Figure 5. CTLA4-Ig plus FTY720 combination therapy prevents rejection in sensitized recipients.

(A) Donor-specific antibody (DSA)-IgG and (B) IFN-γ T cell responses were assessed in ~4-month post-sensitization recipients (S) prior to transplantation, or on day 30 after transplantation (HTx) and treatment with CTLA4-Ig and/or FTY720. Nonsensitized tolerant recipients (N-Tol) received anti-CD154 (day 0, 7, and 14) plus B/c spleen cells (day 0) to induce tolerance to B/c heart grafts, and were analyzed on day 60 after transplantation. Data were pooled from 2 to 3 independent experiments (n = 6–8/group), with the minimum number of IFN-γ⁺ T cells set at 100. Data are presented as mean ± SEM, and statistical analyses were by ANOVA and Kruskal-Wallis tests. *P < 0.05; **P < 0.01, ***P < 0.005.
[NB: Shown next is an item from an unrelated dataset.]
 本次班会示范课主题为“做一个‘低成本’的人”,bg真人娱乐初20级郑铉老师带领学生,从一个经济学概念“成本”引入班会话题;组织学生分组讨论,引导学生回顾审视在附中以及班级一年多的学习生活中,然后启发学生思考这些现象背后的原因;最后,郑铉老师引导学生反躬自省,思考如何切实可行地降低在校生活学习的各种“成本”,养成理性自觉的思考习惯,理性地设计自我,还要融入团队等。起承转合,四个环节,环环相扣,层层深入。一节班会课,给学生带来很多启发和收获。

Figure 6. Efficacy of CTLA4-Ig plus FTY720 combination therapy in preventing T cell infiltration and rejection in sensitized mice.
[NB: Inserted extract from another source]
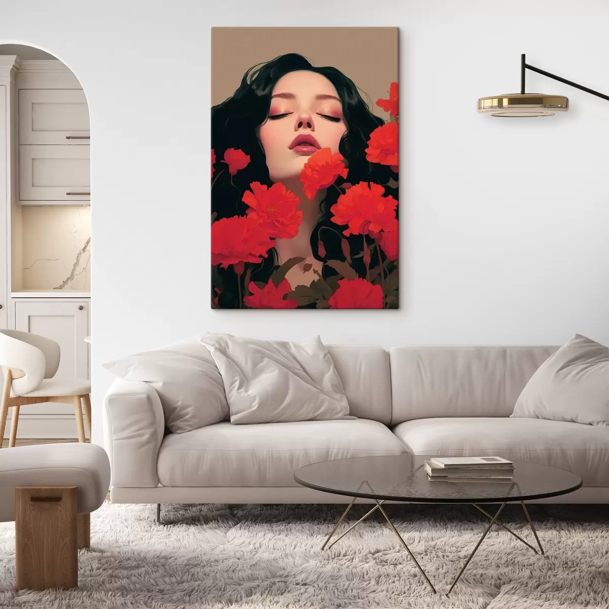 Peinture Portrait de femme parmi des fleurs rouges Art. s42478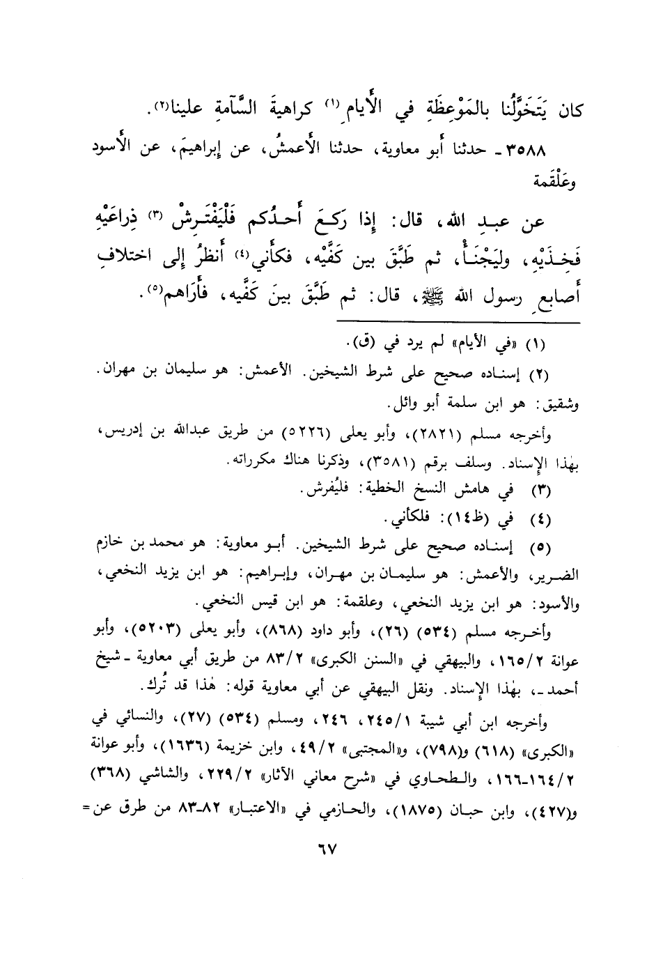٣٥٨٨ - حَدَّثَنَا أَبُو مُعَاوِيَةَ، حَدَّثَنَا الْأَعْمَشُ، عَنْ إِبْرَاهِيمَ، عَنْ الْأَسْوَدِ، وَعَلْقَمَةَ، عَنْ عَبْدِ اللهِ، قَالَ: " إِذَا رَكَعَ أَحَدُكُمْ فَلْيُفْرِشْ (٣) ذِرَاعَيْهِ فَخِذَيْهِ، وَلْيَجْنَأْ، ثُمَّ طَبَّقَ بَيْنَ كَفَّيْهِ، فَكَأَنِّي (٤) أَنْظُرُ إِلَى اخْتِلَافِ أَصَابِعِ رَسُولِ اللهِ صَلَّى اللهُ عَلَيْهِ وَسَلَّمَ، قَالَ: ثُمَّ طَبَّقَ بَيْنَ كَفَّيْهِ، فَأَرَاهُمْ " (٥)

(A) FTY720 in combination with CTLA4-Ig reduced the total number of CD4⁺ and CD8⁺ T cells and (B) TCR75 T cells infiltrating the B/c heart grafts transplanted into ~4-month-sensitized recipients on day 30 after transplantation. (C) Histology of the heart grafts on day 30 after transplant. Original magnification, ×20. Scale bars: 200 μm. (D) Histological scores are presented as mean ± SEM (n = 5/group). (E) Cumulative allograft survival of recipients sensitized for 4 or more months ± TCR75. Data are pooled from 2 to 4 independent experiments, and statistical analyses were by (A) ANOVA and Kruskal-Wallis tests, (B and D) unpaired t test, or (E) log-rank test. *P < 0.05; **P < 0.01; ***P < 0.005. HTx, heart transplant; S, sensitized; N-Tol, nonsensitized tolerant mice as described in Figure 5.